L’accumulo di sostanza amiloide é una delle caratteristiche alterazioni anatomiche del cervello colpito da malattia d’Alzheimer.

Le forme ereditarie di malattia d’Alzheimer esordiscono in giovane età (40-50 anni), ed hanno una chiara distribuzione familiare con presenza di casi di demenza nelle varie generazioni.

Le alterazioni a carico del gene per la proteina precursore dell’amiloide si associano ad un esordio tra i 40 e i 65 anni; quelle della presenilina 1 tra i 30 e i 65 anni; quelle della presenilina 2 tra i 40 e i 90 anni.

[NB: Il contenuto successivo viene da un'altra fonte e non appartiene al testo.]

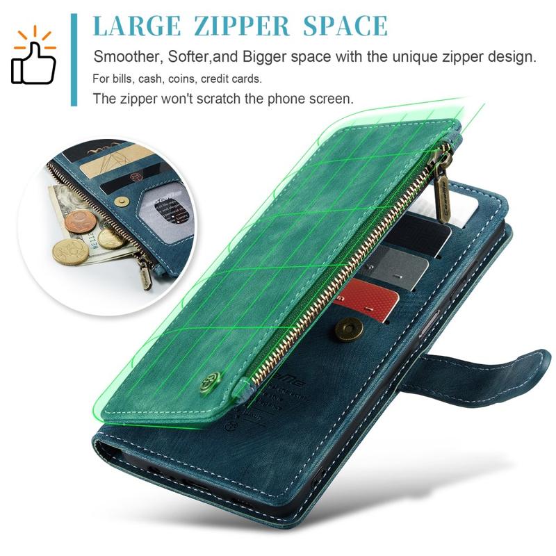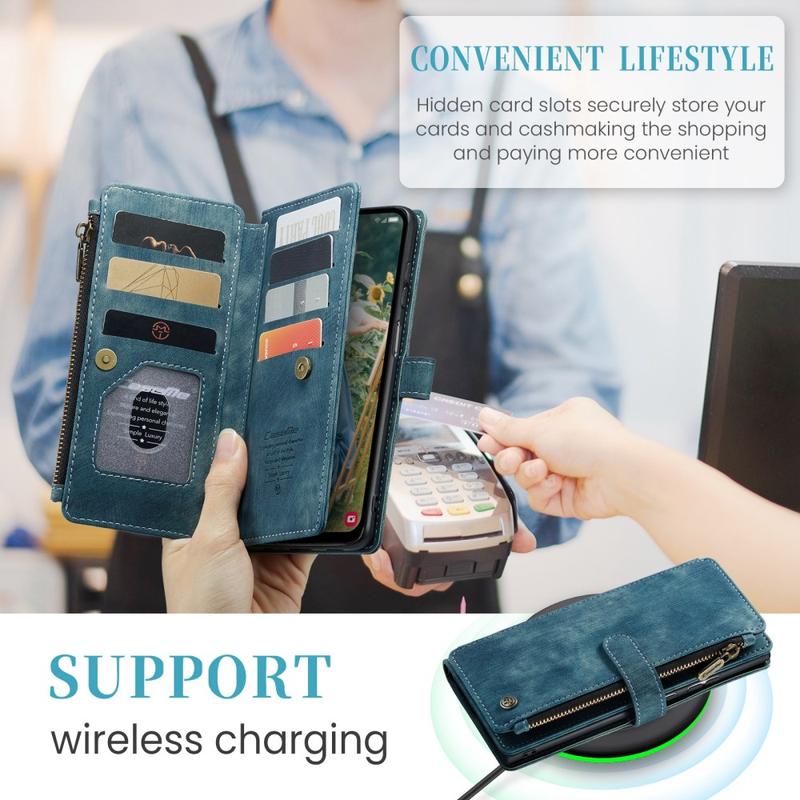 The Caseme C30 multifunctional wallet case for Samsung Galaxy A15 brings exceptional all-around protection and an exclusive, refined design. This elegant case is made of premium polyurethane, reinforced with a shock-resistant TPU inner cover that snuggles your Samsung Galaxy A15 perfectly. Meanwhile, the Caseme C30 wallet case is enhanced with numerous card slots, one large money compartment inside, and one outside zipper pocket, all protected by a secure magnetic closure.

L’ampia variabilità nell’età di insorgenza della malattia limita l’utilità del test genetico dal punto di vista dell’individuo che si sottopone ad esso anche se lo studio genetico resta indicato nei discendenti di famiglie con casi di demenza ereditaria.

É stato altresì dimostrato che i soggetti portatori dell’allele E4 dell’apolipoproteina E hanno un rischio maggiore di sviluppare la malattia d’Alzheimer. Si tratta comunque di un aumento di probabilità e non di un rischio assoluto.

Per quanto riguarda poi la demenza vascolare i fattori di rischio sono gli stessi dell’arteriosclerosi e cioè: età, ipertensione, ipercolesterolemia, diabete, fumo, obesità.

L’età resta il principale fattore di rischio anche per la malattia d’Alzheimer visto che la maggiore prevalenza della malattia si ha dopo i 75 anni.

La causa della malattia d’Alzheimer é a tuttoggi sconosciuta.

Un effetto combinato di fattori genetici ed ambientali potrebbe essere alla base dello sviluppo della malattia.

LA CURA

Attualmente non esiste una cura che guarisca la demenza non essendone nota la causa. Esistono tuttavia farmaci attivi a livello cerebrale che possono rallentarne il decorso e migliorare i disturbi del comportamento.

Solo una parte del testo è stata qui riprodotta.